### WORK ORDER
Reproduce from the records below, with no pictures, exactly the lines between the one containing "当社は、エアコンの運転時間の" and the one containing "У семьи должен", inclusive.

### GIVEN ENTRIES
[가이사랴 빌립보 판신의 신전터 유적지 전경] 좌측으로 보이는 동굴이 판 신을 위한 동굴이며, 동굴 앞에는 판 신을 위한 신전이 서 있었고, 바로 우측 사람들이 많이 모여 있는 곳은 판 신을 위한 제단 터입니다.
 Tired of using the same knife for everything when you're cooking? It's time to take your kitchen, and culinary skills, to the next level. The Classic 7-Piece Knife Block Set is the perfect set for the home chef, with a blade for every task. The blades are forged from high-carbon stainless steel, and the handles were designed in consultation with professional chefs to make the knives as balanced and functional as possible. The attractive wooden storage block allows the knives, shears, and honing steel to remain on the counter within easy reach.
...
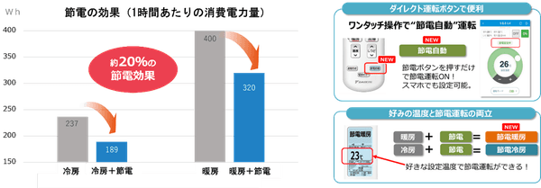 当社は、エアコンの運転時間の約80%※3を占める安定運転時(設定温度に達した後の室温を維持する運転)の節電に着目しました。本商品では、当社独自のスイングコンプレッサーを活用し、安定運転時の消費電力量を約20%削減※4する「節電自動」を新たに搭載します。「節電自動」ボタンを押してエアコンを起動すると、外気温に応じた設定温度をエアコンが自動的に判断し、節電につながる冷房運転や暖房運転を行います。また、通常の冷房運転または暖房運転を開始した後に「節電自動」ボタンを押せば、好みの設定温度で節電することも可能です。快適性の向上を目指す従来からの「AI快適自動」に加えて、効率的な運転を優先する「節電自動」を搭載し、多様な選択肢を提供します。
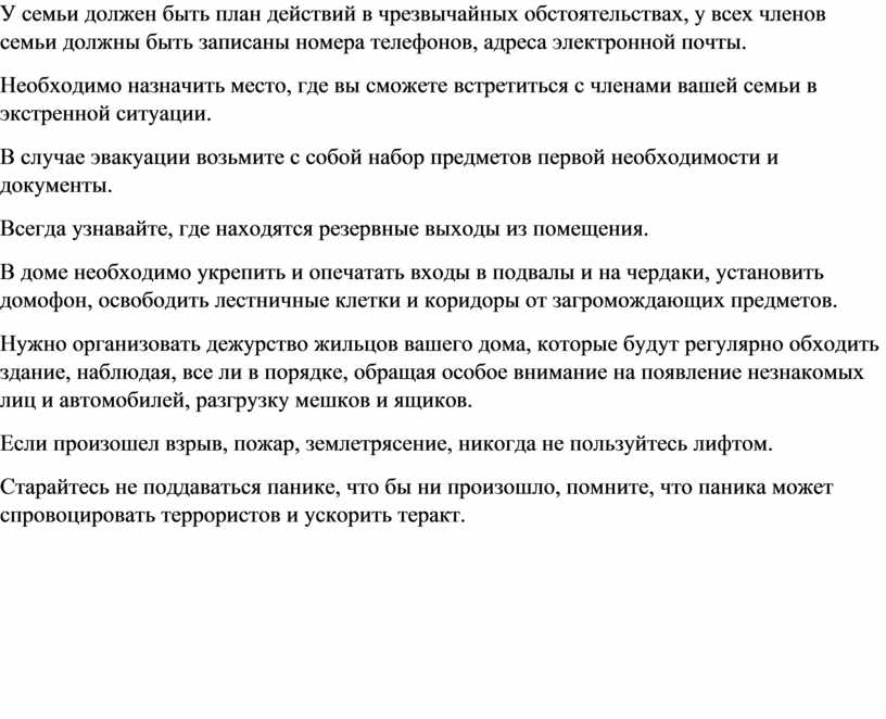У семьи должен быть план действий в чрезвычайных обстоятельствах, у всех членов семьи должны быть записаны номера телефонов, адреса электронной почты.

### RESPONSE TO THIS EXERCISE
 当社は、エアコンの運転時間の約80%※3を占める安定運転時(設定温度に達した後の室温を維持する運転)の節電に着目しました。本商品では、当社独自のスイングコンプレッサーを活用し、安定運転時の消費電力量を約20%削減※4する「節電自動」を新たに搭載します。「節電自動」ボタンを押してエアコンを起動すると、外気温に応じた設定温度をエアコンが自動的に判断し、節電につながる冷房運転や暖房運転を行います。また、通常の冷房運転または暖房運転を開始した後に「節電自動」ボタンを押せば、好みの設定温度で節電することも可能です。快適性の向上を目指す従来からの「AI快適自動」に加えて、効率的な運転を優先する「節電自動」を搭載し、多様な選択肢を提供します。
У семьи должен быть план действий в чрезвычайных обстоятельствах, у всех членов семьи должны быть записаны номера телефонов, адреса электронной почты.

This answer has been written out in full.